Lol, that would be funny. I suggest staring them in the eyes and if they laugh kill 'em! If they don't kill 'em. Its a win-win situation.
 
Where did he take your stuff from? Pocket? Or a bag or somethin. Where were you? Do you think it'd happen again? Setting a trap is always a good idea. Get some friends of yours to hang around, just out of sight...
 
I was in a classroom, doing a test on human biology. *shudder*
The bastard just ran through my jacket's pockets.
 
I suggest that ya call to cops and then they start all those DNA-tests and everything... they'll sure find it out :roll:

Oh, and after that ya can probably cut off his/her feet and arms (SinCity) and then ya can just laugh a bit.

and btw, I'm back! :smile: ain't that cool? did ya miss me?
 
go to the centralradio, cry a bit and say that the lighter and the cigar were a gift for your grandmother dying of lungcancer.

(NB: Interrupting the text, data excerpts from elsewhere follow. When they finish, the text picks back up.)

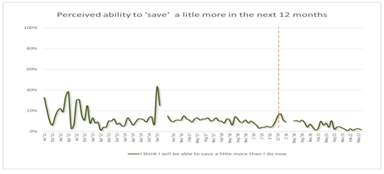 Here our objective is to determine the perceptions on the ability to save; an inadvertent way to estimate cost of living as well. To assess the ability to manage the cost of living and to have something left over, we asked the respondents about their expected personal savings in the coming 12 months. After the perception of the public’s ability to save a ‘little more’ than what they do at present fell to an all-time low of a mere 1.0 percent at the end of the first quarter this figure rose to 2.0 percent in April, to 3.0 percent in May and fell back to 2.0 percent in June. The below chart reflects how difficult it has been for the people of Sri Lanka over the last decade.
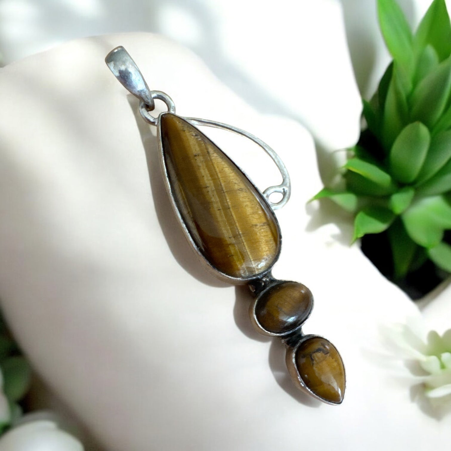 Tiger Eye Solid 925 Sterling Silver Pendant
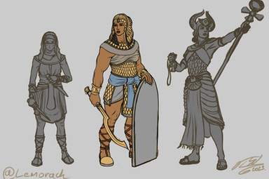 Design notes, there's not really any contemporary depictions of Nitocris, at least that I could find. I'd imagine this is because she never actually got to succeed her mother, who does actually have a statue. Instead I kinda just slapped together some design details from various depictions of the God's Wife of Amun throughout history, since they all seem to share a similar wardrobe. By far, that headdress was the biggest pain in the ass of the whole composition. I got there eventually, but tall headwear is always annoying to fit on my reference sheet format. Sadly, all of human history is one long struggle to see who can don the biggest hat, so this won't be the last. God help me if I ever find myself drawing Marie Antoinette-
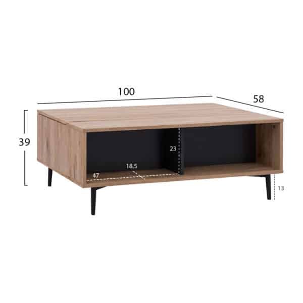 ΤΡΑΠΕΖΙ ΣΑΛΟΝΙΟΥ ΜΕΛΑΜΙΝΗΣ ME ΑΠΟΘΗΚΕΥΤΙΚΟ MARGARIT 100x58x39-53Yεκ.HM8677.11
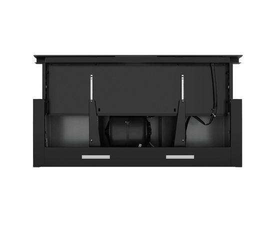Фасад выдвижной панели выполнен из закаленного глянцевого стекла черного цвета. Основная рабочая и выдвижная панель изготовлены из нержавеющей стали с эмалированным черным покрытием. Откидные панели на них, также черного цвета, сделаны с вентиляционными прорезями и скрывают за собой 2 легко вынимаемых многослойных алюминиевых жироулавливающих фильтра. Корпус сделан из нержавеющей стали.
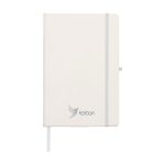 This notebook comes in A5 size. It has a hard RPET cover. The cover is made from recycled material. Inside, you will find approximately 80 sheets. This equals 160 pages of paper. The paper is cream-colored and lined. It has a weight of 70 g/m². The notebook includes an elastic closure. A convenient bookmark ribbon is attached. There is also a pen loop for easy access. Available colors include White, Black, Red, and Blue.
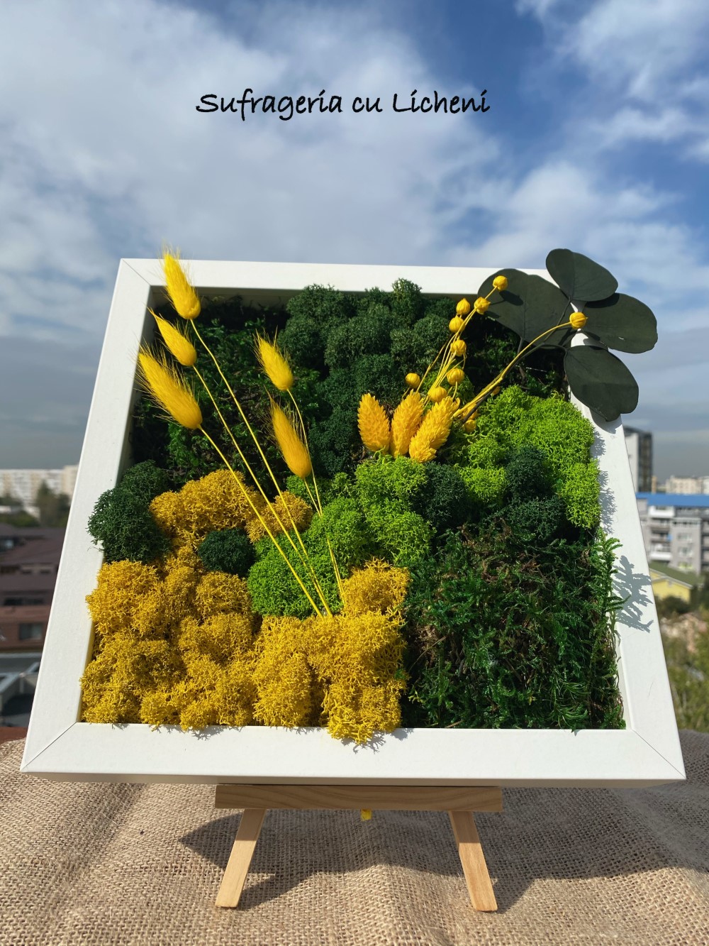 Materiale: Licheni stabilizați, flori uscate, mușchi și elemente din natură
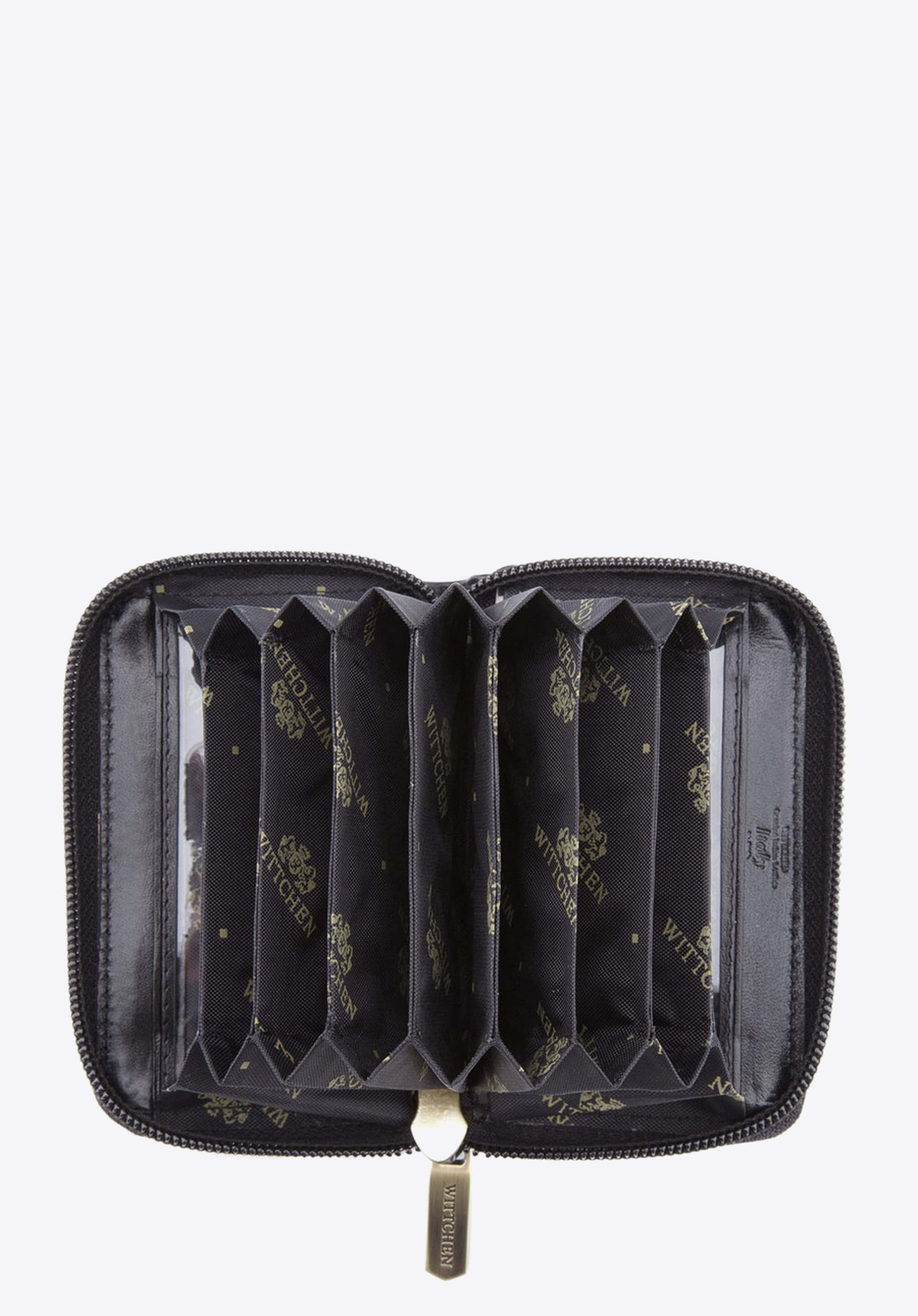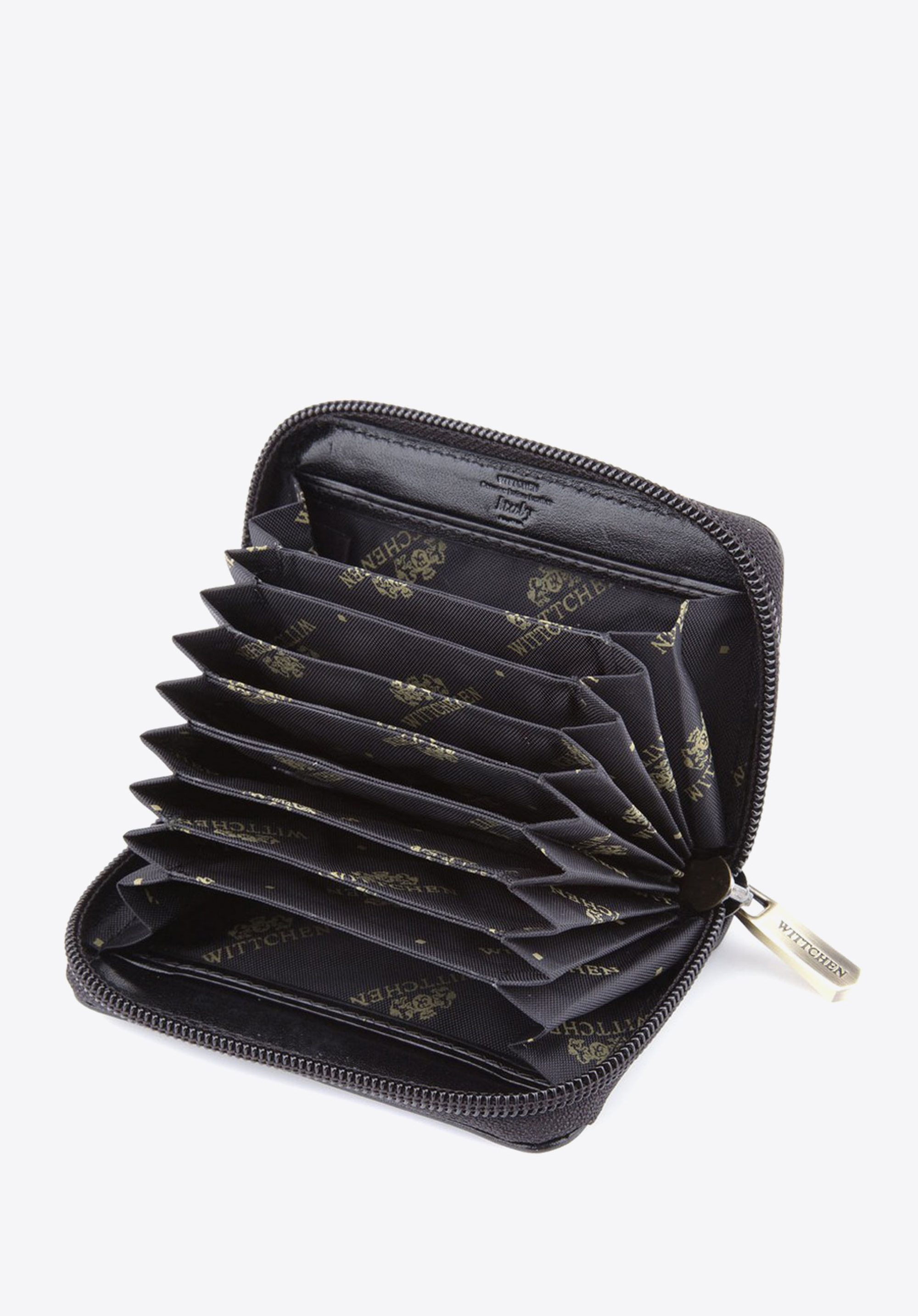 Skórzane etui na karty kredytowe zamykane na suwak, z wnętrzem rozkładanym harmonijkowo. Posiada aż 11 kieszonek na karty. Funkcjonalne i gustowne zarazem.
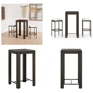 3-częściowy ogrodowy zestaw barowy z poduszkami z polirattanu brązowyPrzy tym stylowym ogrodowym zestawie barowym można spędzić relaksujący i przyjemny czas z rodziną i przyjaciółmi. Stół barowy jest wsparty na malowanej proszkowo stalowej ramie, dzięki czemu jest stabilny i wytrzymały. Kwadratowy blat zapewnia idealne miejsce na napoje, przekąski lub kilka przedmiotów dekoracyjnych. Stołki mają solidną stalową ramę i są wykonane z odpornego na warunki pogodowe rattanu PE, który zapewnia wysoki poziom stabilności. Są również łatwe do przenoszenia.

then get you grandmother to beat the fool who returns them.
 
Nairagorn said:
Was your coat hanging up somewhere? Were you wearing it?

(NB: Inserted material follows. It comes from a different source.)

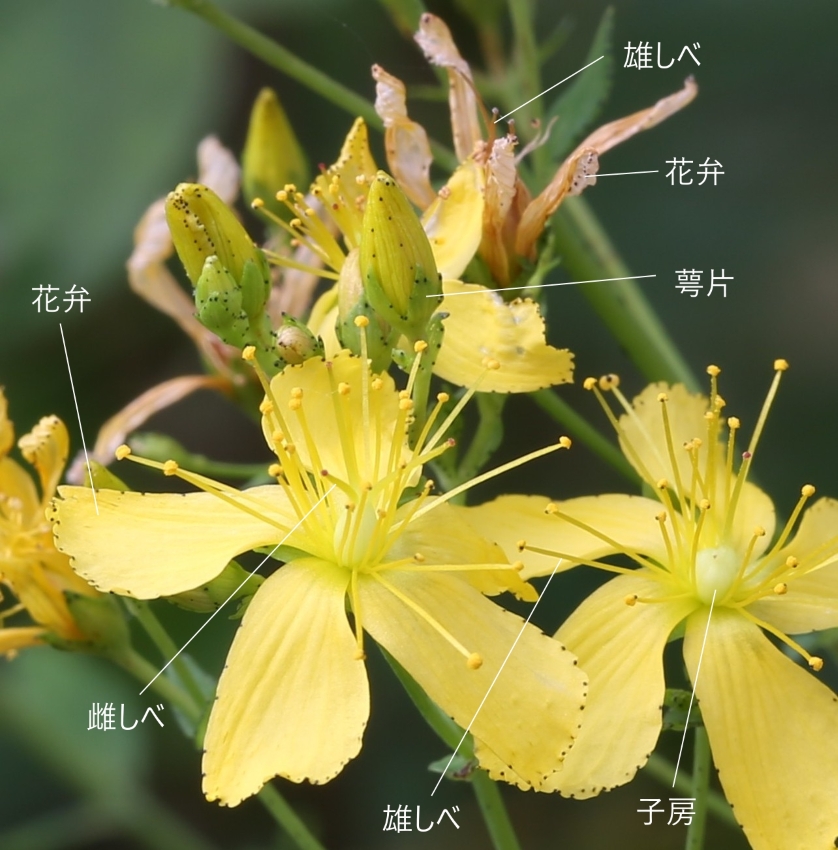 基部は円形~広いくさび形、無柄、明点が密にあり、辺縁には黒点がある。茎頂や上部の枝の先に集散状の花序をつけ、花は径15~18㎜、鮮黄色赤みを帯びた脈がある。花柄は長さ2~3㎜。萼片は5個
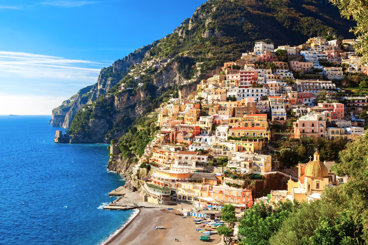 se remonta a tiempos remotos. Antaño próspera ciudad comercial del Imperio Romano, floreció en los siglos XVI y XVII gracias al comercio marítimo. Hoy en día, las huellas de este agitado pasado son visibles tanto en la arquitectura como en las tradiciones culturales. La influencia marítima es inconfundible. La ciudad se extiende a lo largo de la costa y ofrece impresionantes vistas de las aguas claras y azules del mar Tirreno. Positano también es conocida por sus desafiantes subidas y escaleras que recorren toda la ciudad, creando un impresionante laberinto de callejuelas, rincones ocultos e impresionantes miradores. La economía local se beneficia enormemente del turismo. Además de hoteles y apartamentos de vacaciones, hay numerosas boutiques que venden las sandalias hechas a mano, la cerámica y los vestidos de lino típicos de Positano. La ciudad también es conocida por su oferta culinaria, que abarca desde marisco fresco hasta platos tradicionales italianos y vinos de la región. A pesar de la gran afluencia turística, Positano ha conservado su encanto auténtico. Lejos de las multitudes de turistas, aún se pueden encontrar rincones tranquilos donde disfrutar de la cultura local a un ritmo relajado. La iglesia de Santa Maria Assunta, con su majestuosa cúpula, es un hito histórico y uno de los destinos favoritos de los amantes de la cultura. Positano es también un punto de partida ideal para realizar excursiones por la Costa Amalfitana. La ciudad ofrece excursiones en barco a las islas vecinas y a otras ciudades costeras, así como rutas de senderismo para los amantes de la naturaleza, en particular el famoso "Sentiero degli Dei" (Sendero de los Dioses), que ofrece unas vistas espectaculares de la costa.

The coat was hanging outside the classroom. The teachers had warned us a few weeks back that there were thieves going about, but I thought they were overreacting. If I see some muppet digging the cigar out (I'm probably the only one in the school that smokes them regularly) at the smoking place, I'll introduce him to different forms of agony.
 
After my last visit to St. Petersburg underground, I'm actually planning to put some razor blades or fish hooks into my bag... Imagine this guy putting his hand in there, getting hurt and not able to take it off anymore without ripping half of his hand... Then return him to mr. Ohrana and go clean the bag.

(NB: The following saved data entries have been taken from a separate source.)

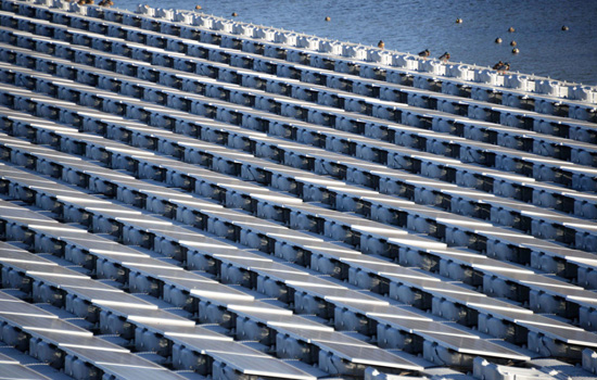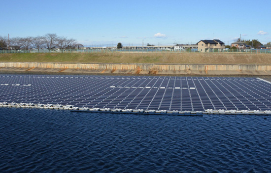 日本埼玉縣桶川市當地水庫內,目前已建設完成的水上太陽能發電站。12400平方米的水面上漂浮著4500塊太陽能電池板,而水面面積達3萬平方米的水庫,及其周邊河流充足的水源,都擁有良好的冷卻效果。
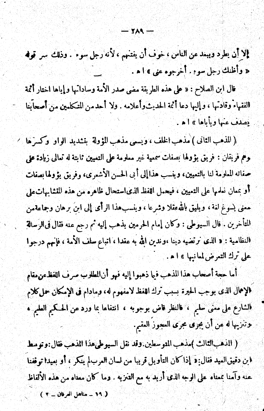 قال ابن الصلاح على هذه الطريقة مضى صدر الأمة وساداتها وإياها اختار أئمة الفقهاء وقادتها وإليها دعا أئمة الحديث وأعلامه ولا أحد من المتكلمين من أصحابنا يصدف عنها ويأباها اهـ.
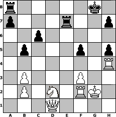 game notation in PGN-format [Event "Regensommer"] [Site "www.myChess.de"] [Date "2012.06.20"] [Round "1"] [White "BobbyF4"] [Black "Schachboy1"] [ECO "B10"] [WhitemyELO "1519"] [BlackmyELO "1571"] [Result "1-0"] [TimeControl "10/1728000"] [WhiteDays "20"] [BlackDays "18"] [MyChessNo "82377"] 1. e4 c6 2. e5 g6 3. Bc4 d5 4. exd6 exd6 5. Ne2 d5 6. Bb3 Bg7 7. d4 Ne7 8. O-O O-O 9. Bg5 f6 10. Bd2 Nf5 11. c3 Re8 12. Bf4 Nd6 13. h3 b6 14. Nd2 Na6 15. f3 Bb7 16. Ng3 Nc7 17. h4 Ne6 18. Bxd6 Qxd6 19. Ne2 f5 20. g3 Ba6 21. c4 Nxd4 22. Nf4 Be5 23. Rf2 Bxf4 24. gxf4 Qxf4 25. h5 Re6 26. cxd5 Re7 27. d6+ Nxb3 28. axb3 Qxd6 29. Rxa6 Qg3+ 30. Kf1 Qh4 31. Kg2 gxh5 32. Ra4 b5 33. Rxh4 1-0 position notation in FEN-format r5k1/p3r2p/2p5/1p3p1p/7R/1P3P2/1P1N1RK1/3Q4 - - - 0 33 Captured white pieces: Captured black pieces: Click on a captured piece in order to display the desired move!
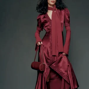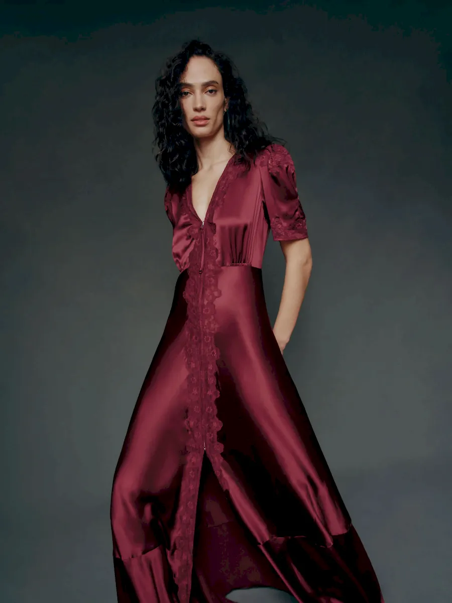 This is a lightweight silk charmeuse fabric – 100% silk. Dry clean only. More onfabric & care.
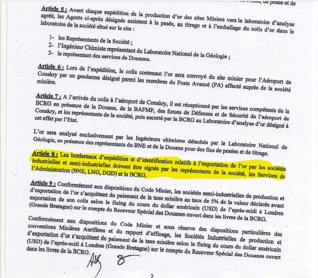 Détail important, l’arrêté conjoint exige que les bordereaux d’expédition et d’identification relatifs à l’exportation de l’or par les sociétés industrielles et semi-industrielles doivent être « signés par les représentants de la société, les services de l’administration (BNE, LNG, DGD) et la BCRG ».

They're quite skilled in Russia by the way, I've heard of one guy finding his wallet closed in the exactly same place, the same closed pocket inside his closed coat, with all the money gone. I mean, the wallet was closed, the pocket was closed, the pickpocket even closed the coat's buttons again! That's what I call skill.
 
Dig his heart out with a desert spoon, and then feed it to him. If you prefer, conduct the same punishment with the testicles, as this way, he may have time to eat them before he dies.
 
I just had a thought... What if it's a girl? does the normal 'never hit women' rule stand, or is a good old-fashioned slap allowed?